The IVR defines and prioritizes key areas for future research and the technological advancements necessary for progress toward better influenza vaccines. This framework encourages synergy among the numerous and complex elements of the influenza vaccine R&D ecosystem and indicates where investments must be made to support innovation. “Where the roadmap delivers a lot of value is in bringing…[formerly] fragmented efforts into alignment, and into some kind of structure,” says Patrick Tippoo, executive director of the African Vaccine Manufacturing Initiative. That includes balancing the improvement of existing influenza vaccines with the pursuit of a UIV. There’s a potential tension between these two approaches, notes Charlie Weller, director of the Wellcome Trust’s vaccines program, but she adds that the IVR Initiative aims to “enable both of these approaches, neither at the expense of the other.” Several contributors emphasize the IVR’s ability to guide funding agencies toward more effective investment in influenza vaccine R&D and to improve coordination of key actors.  The hope is that the IVR could spark new funding collaborations while preventing duplication, thereby maximizing return on investment.

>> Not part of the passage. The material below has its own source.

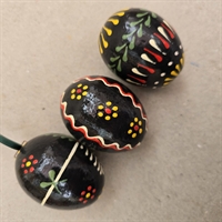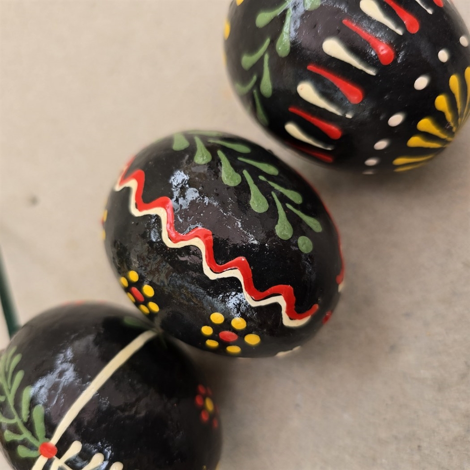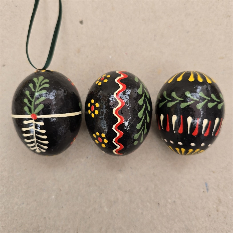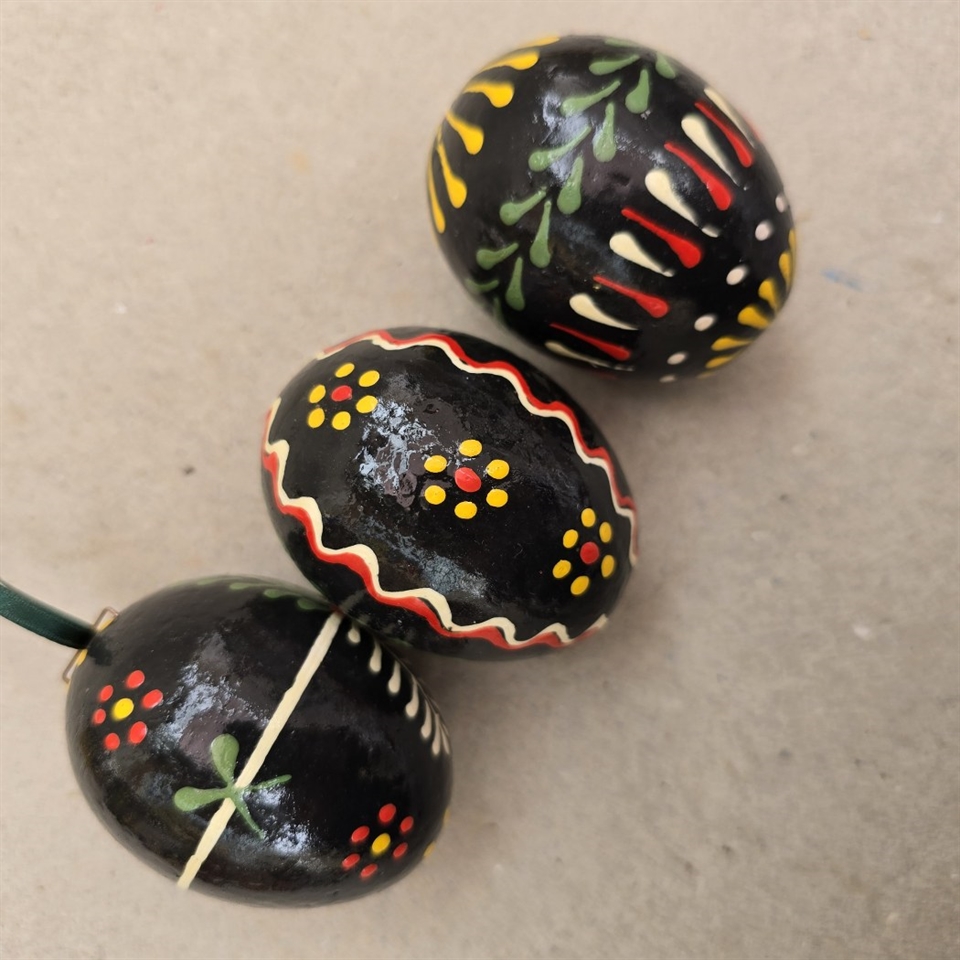 Opfrisk din påskepynt med et strejf af nostalgi! Vores unikke sæt af tre 'Sorte bemalede papmaché påskeæg' er den perfekte tilføjelse til din festlige dekoration.

Informed by an international and multi-sectorial group of experts, the IVR Initiative aspires to produce inclusive, worldwide consensus on priorities for influenza vaccine R&D and collaboration in achieving them. The IVR will aid in identifying region- and country-specific issues, as well as global ones. For example, as the current pandemic has demonstrated, delivery of vaccines that require significant cold-chain infrastructure presents a major barrier to access in low- and middle-income countries. Addressing that issue must be part of the innovation process for influenza vaccines, asserts William Ampofo, of the University of Ghana’s National Influenza Center. “A universal influenza vaccine will truly not be universal unless it’s able to fully protect against influenza pathogens,” he says, and until it’s available to every person.

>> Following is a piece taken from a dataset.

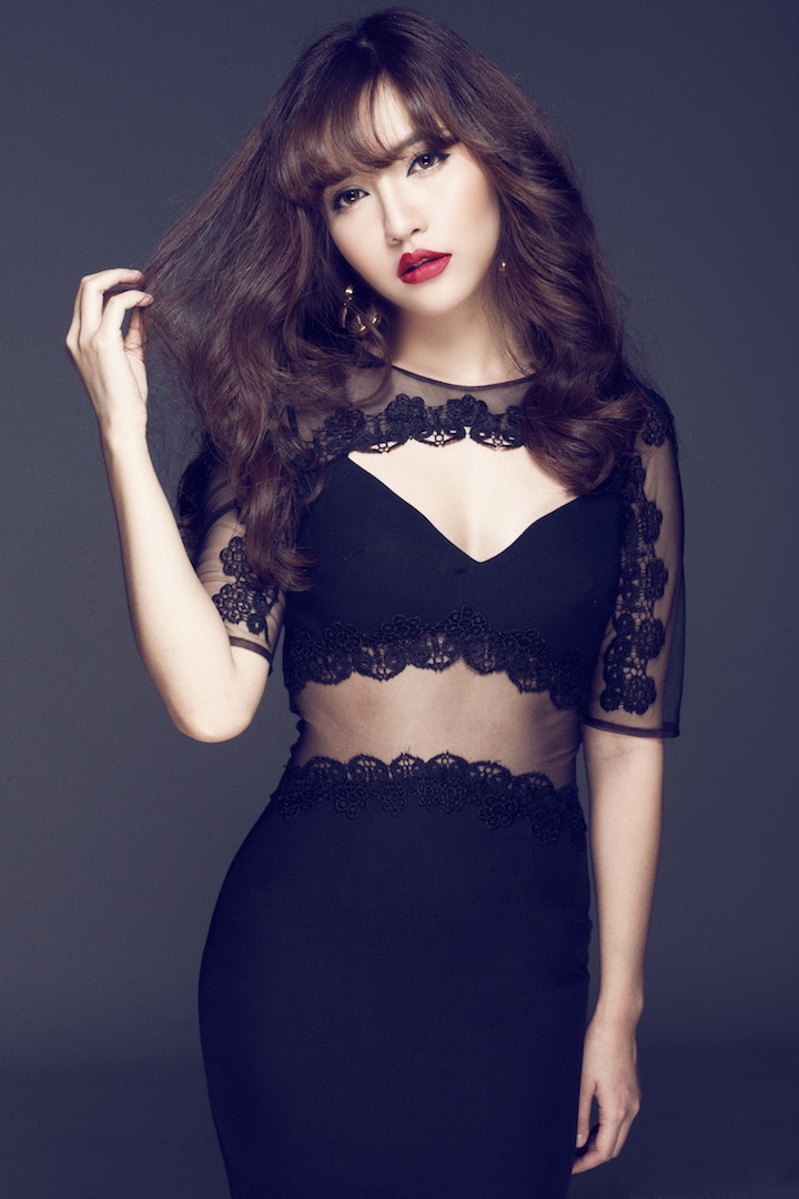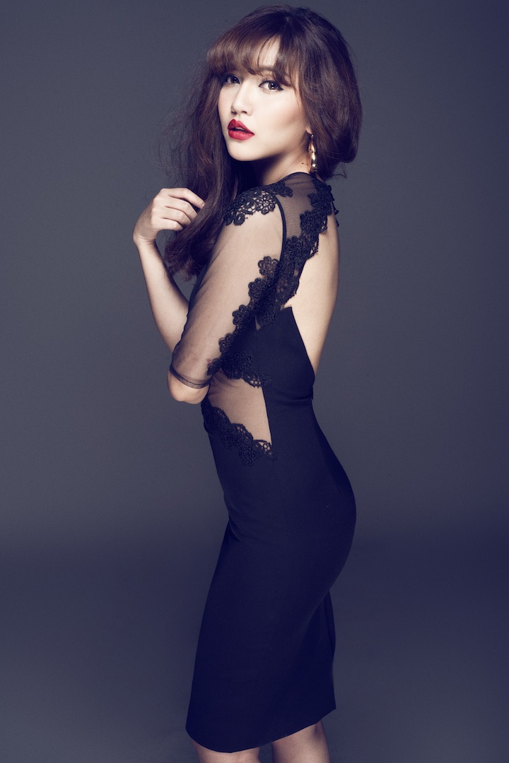 Ở set trang phục khác, nữ ca sĩ xinh đẹp thể hiện bộ cánh tông màu đen chất liệu voan ren quyến rũ. Thiết kế khoe khéo số đo vòng 1 gợi cảm...

Over the next decade, progress toward IVR goals and milestones will be regularly reviewed, and the framework renewed as the research and policy landscape evolves. The Initiative doesn’t expect that every goal and milestone will be met; rather, the IVR is designed as a living document advising allocation of R&D resources in response to real-time priorities. This initial version will be continuously updated as new information, research, and policy emerges.  Weller defines success for the IVR as its acceptance and engagement among a broad audience versus the number of milestones achieved.  “We want it to be used and useful by the research community to guide the research focus,” she insisted.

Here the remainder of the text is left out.